The bounce is Gmail telling you your mail was not authenticated. Here is what it means, the three things that cause it, and how to confirm you have fixed it.

What the bounce means

A 550 5.7.26 rejection from Gmail means a message using your domain in the From: address arrived unauthenticated: it did not pass SPF or DKIM in a way that aligns with your domain. Since Google and Yahoo's 2024 bulk-sender rules, Gmail rejects that mail rather than risk delivering a forgery.

You will see one of two wordings, and they point at slightly different causes:

550-5.7.26 This message does not have authentication information
or fails to pass authentication checks (SPF or DKIM). To best
protect our users from spam, the message has been blocked.
550-5.7.26 Unauthenticated email from example.com is not accepted
due to domain's DMARC policy.

The first is the bulk-senderflavor: the sender failed Google's baseline that all mail carry at least SPF or DKIM. The second is the DMARC-policy flavor: your domain publishes p=quarantine or p=reject, and this message failed DMARC, so Gmail honored your policy and rejected it.

The three things that cause it

Every 550 5.7.26 traces back to one of three situations. Identify yours first:

  • 1. The sending tool was never authenticated. A new ESP, CRM, or form tool sends as your domain, but you never published its SPF include or its DKIM key. There is nothing for Gmail to check, so it fails.
  • 2. Authentication exists but does not align. The tool signs with its own domain and SPF passes for its return-path, but neither lines up with your From: domain. DMARC needs alignment, not just a pass, so it still fails. This is the most common and most confusing cause.
  • 3. The mail is genuinely forged. A spoofer is sending as you and Gmail is rejecting it. In that case the bounce is not a problem to fix, it is your authentication doing its job.

How to fix each

  • Cause 1, unauthenticated tool:add the sending tool's SPF include to your SPF record and publish its DKIM key (most providers give you a CNAME or TXT to add). Our per-tool setup guides walk the exact records provider by provider.
  • Cause 2, broken alignment: configure alignedDKIM for the tool, usually by CNAMEing the provider's DKIM selector onto a subdomain you control, so the signature is for your domain, not theirs. Aligned DKIM is the most reliable way to pass DMARC for third-party senders.
  • Cause 3, a real spoofer: nothing to fix on that stream. Confirm from your DMARC reports that the source is not one of your own tools, then leave your policy enforcing.
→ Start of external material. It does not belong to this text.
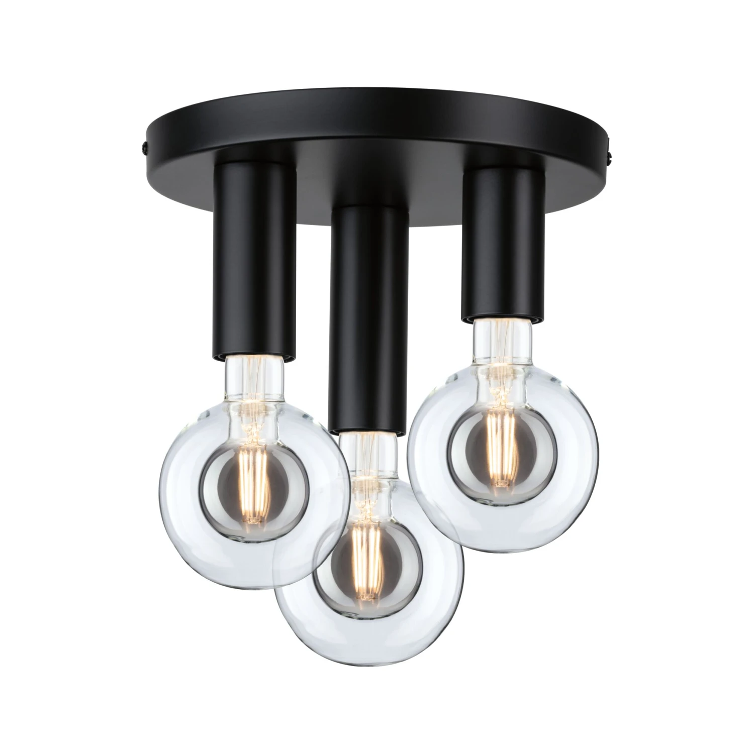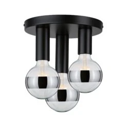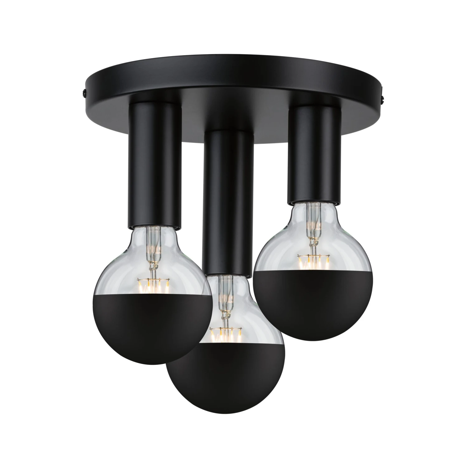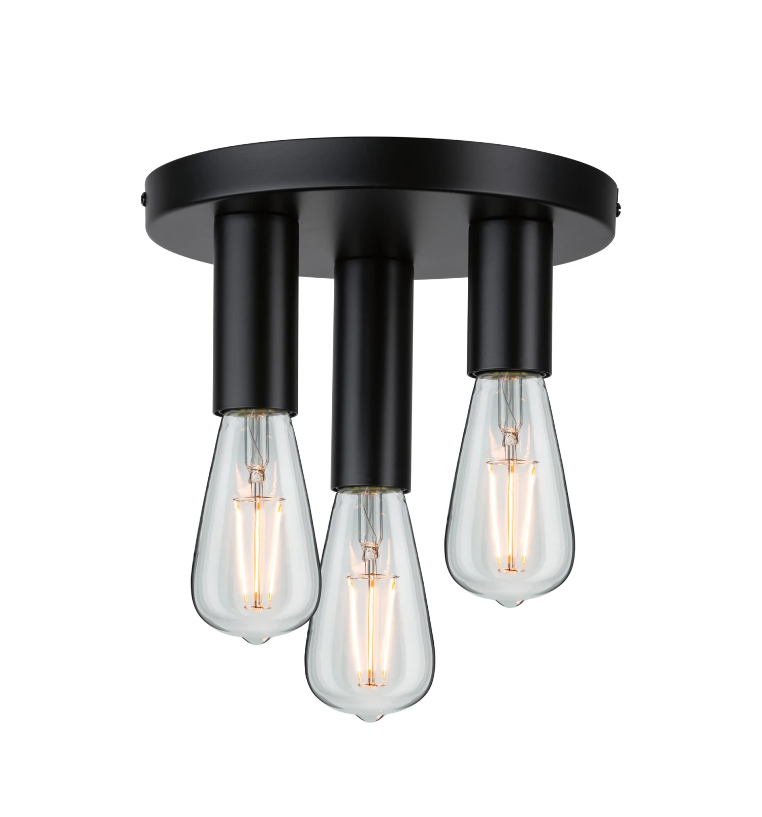 Die Deckenleuchte Skogen im reduzierten, schwarzen Design ist ein echter Hingucker und passt zu allen dekorativen Leuchtmitteln mit E27 Sockel. Besonders schön sind Kopf- oder Ringspiegellampen sowie Leuchtmittel in trendigem Rauchglas.

The hard part is usually telling cause 2 from cause 3, both look like “failing mail from a source I half-recognize.” That is exactly what DMARC aggregate reports answer, and what trustyourinbox classifies for you: known sender versus unknown, aligned versus not, forwarded versus forged.

How to confirm it is fixed

  • Re-check the records. Run a free DMARC audit (and the SPF and DKIM checkers) to confirm the record you added actually resolves and parses.
  • Send a test and read the headers. Mail yourself, open the original, and confirm the Authentication-Results shows dkim=pass (or spf=pass) and dmarc=pass. Our header analyzer reads it in plain English.
  • Watch the reports. Over the next day or two, the failing source should flip to passing in your DMARC aggregate reports. If it does not, the record is published but not aligned, recheck cause 2.

Frequently asked

Is 550 5.7.26 my problem or the recipient's?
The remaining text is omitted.